Several studies have shown that people with PD retain the ability to adapt and modify motor output. For instance, subjects with PD can adapt to prisms that alter visual input (Stern et al., 1988, Fernandez-Ruiz et al., 2003), adapt handwriting size in response to visual feedback that displays gain (Contreras-Vidal et al., 2002) and modify cadence appropriately with changes in walking speed (Morris et al., 1994). These results suggest that people with PD not only retain ability for motor adaptation but also that such adaptive strategies may provide functional benefit. Patients with PD also respond better to external rather than internally generated cues to trigger voluntary movement (Horstink et al., 1990, Bagley et al., 1991, Majsak et al., 1998, Marchese et al., 2000, Siegert et al., 2002). Treadmill training is beneficial in improving gait parameters and reducing the number of falls in people with PD (Pohl et al., 2003, Frenkel-Toledo et al., 2005, Protas et al., 2005). Additionally, training on the treadmill with body weight support has been shown to have both immediate and long-term effects on improving gait (Miyai et al., 2000 & 2002). However, no one has reported the capability of people with PD to adapt locomotor trajectory in response to stepping on a rotating platform.

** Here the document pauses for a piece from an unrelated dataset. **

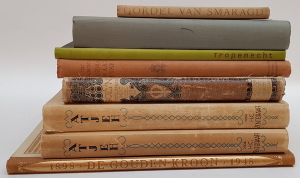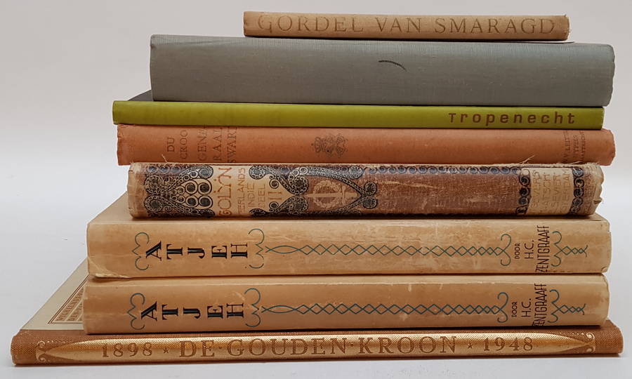 Een lot met 7 boeken over Nederlands-Indie, waaronder deel 2 van H. Colijn - Neerlands Indie. Hierbij 'de Gouden Kroon', Gedenkboek van het 50-jarig regeringsjubileum van Koningin Wilhelmina. [Totaal: 8]. |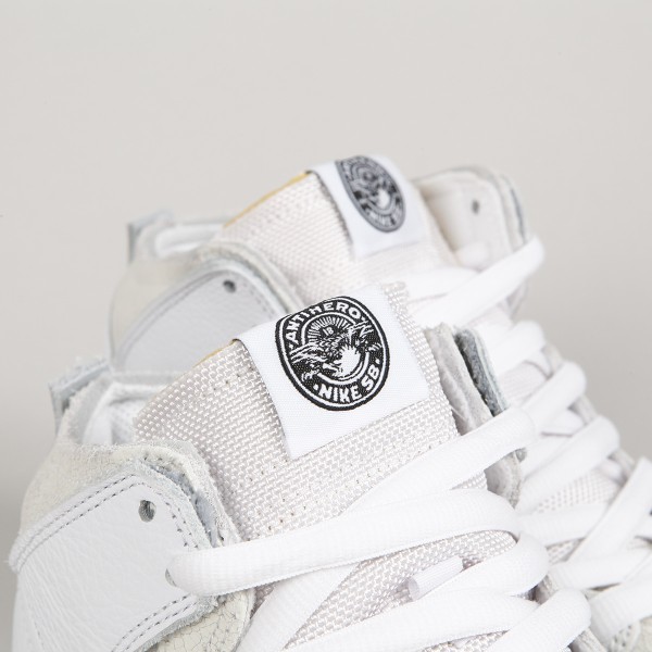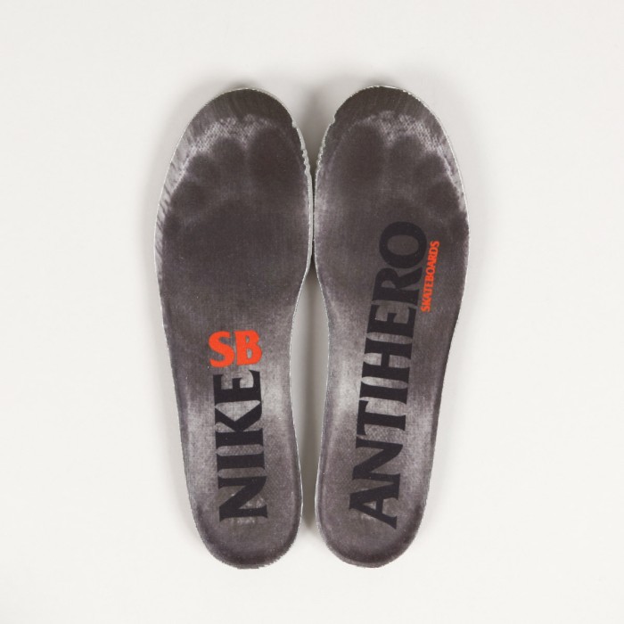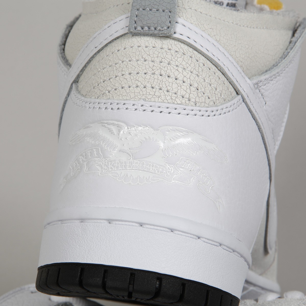 The legendary Nike SB Dunk High model in a special limited edition collection with the Anithero Skateboards brand. It was founded in the mid-90s by skater Julien Stranger. In addition to skateboards, their production has expanded to skate clothing and accessories. You can find names like Grant Taylor, Brian Anderson, John Cardiel, Chris Pfanner and others in their team. The ankle version has an upper made of premium materials, including textured leather and suede, the lightweight cupsole sole also has a Zoom Air cushion for shock absorption. The slogan "Stay Ready" is printed on the bottom of the cushion. The wedge on the tongue ensures a perfectly fitting cut, which guarantees excellent contact with the board and its control. Exposed, lighter tongue and padded ankle collar for greater comfort, leather swoosh on the side. Nike SB x Antihero logo on the tongue and insole . Eagle logo embossed on the heel. The insoles also have Nike SB x Antihero graphics.

The primary aim of this pilot study was to determine whether people with PD retain the ability to adapt to PK stimulation and demonstrate PKAR after walking on the rotating platform. In designing a PK stimulation protocol appropriate for those with PD, who may have difficulty completing a long, continuous PK stimulation session, we also needed to determine whether multiple short interval exposures to PK stimulation elicit robust PKAR as effectively as a single long exposure to PK stimulation.

2. RESULTS

2.1 Study 1: Continuous vs. interval PK stimulation

PKAR following 5 minute intervals of PK stimulation was similar to that following 15 minutes of continuous PK stimulation. Velocity profiles during 30 minutes of PKAR response for one young control subject following continuous and interval PK stimulation are shown in Figure 1a. Figure 1b shows group data for continuous and interval protocols.

Figure 1.

Figure 1

A. Illustration of individual plots of a young control subject’s trunk angular velocities during 30 minutes of PKAR after long continuous PK stimulation (filled circles) versus PK stimulation in short intervals (open triangles). Note the similarities between the two plots. B. Illustration of group plots of mean trunk angular velocities during 30 minutes of PKAR after long continuous PK stimulation (filled circles) versus PK stimulation is short intervals (open triangles). Standard deviation (SD) is marked at every minute. Note the overlap of the curves for the two conditions. Both protocols elicited robust PKAR responses.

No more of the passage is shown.